Implications and Future Directions
This work furnishes an essential building block for Romansh NLP, enabling downstream tasks such as POS tagging, named entity recognition, and variety-annotated corpora development. The methodology of leveraging high-coverage, community-maintained lexical resources for minority languages is generalizable; it demonstrates that dictionary-based systems, when supported by high-quality resources, can yield competitive performance—especially when annotated corpora and treebanks are unavailable.

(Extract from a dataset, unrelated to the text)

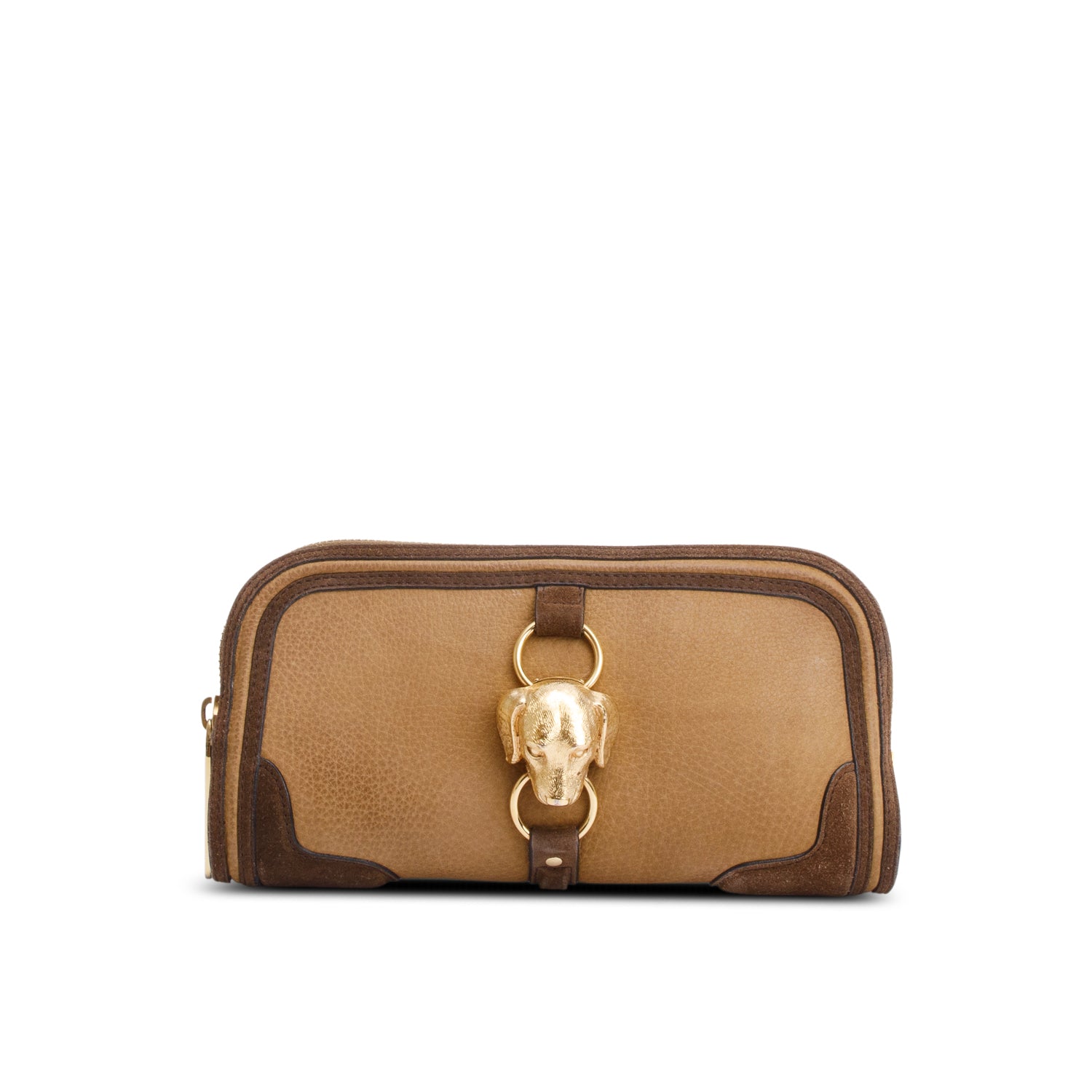 Beige/Brown Nubuck Leather Alma Dog Clutch

Future advances are likely to emerge by hybridizing dictionary-based approaches with statistical or neural sequence models capable of contextual disambiguation and OOV generalization. The open-source release (except for certain idioms) encourages further contribution and adaptation.
Additionally, variety identification derived from lemmatizer statistics may be extended to more fine-grained or hierarchical classification, leveraging sub-variety or register distinctions. Integration with digital spell-checking and machine translation systems for Romansh is a direct application, especially given its transparent and auditable nature—a critical aspect for minority languages with sensitive sociolinguistic status.
Conclusion
rumlem constitutes a rigorously engineered, high-precision lemmatizer and variety identifier specifically optimized for Romansh and its major varieties. Its reliance on robust morphological lexicons yields high coverage and accuracy for both lemmatization and text variety attribution. While constrained by dictionary completeness and context-agnostic analysis, the system addresses critical resource and infrastructure gaps in Romansh computational linguistics and supplies a foundation for future language technology development in low-resource, high-variation environments.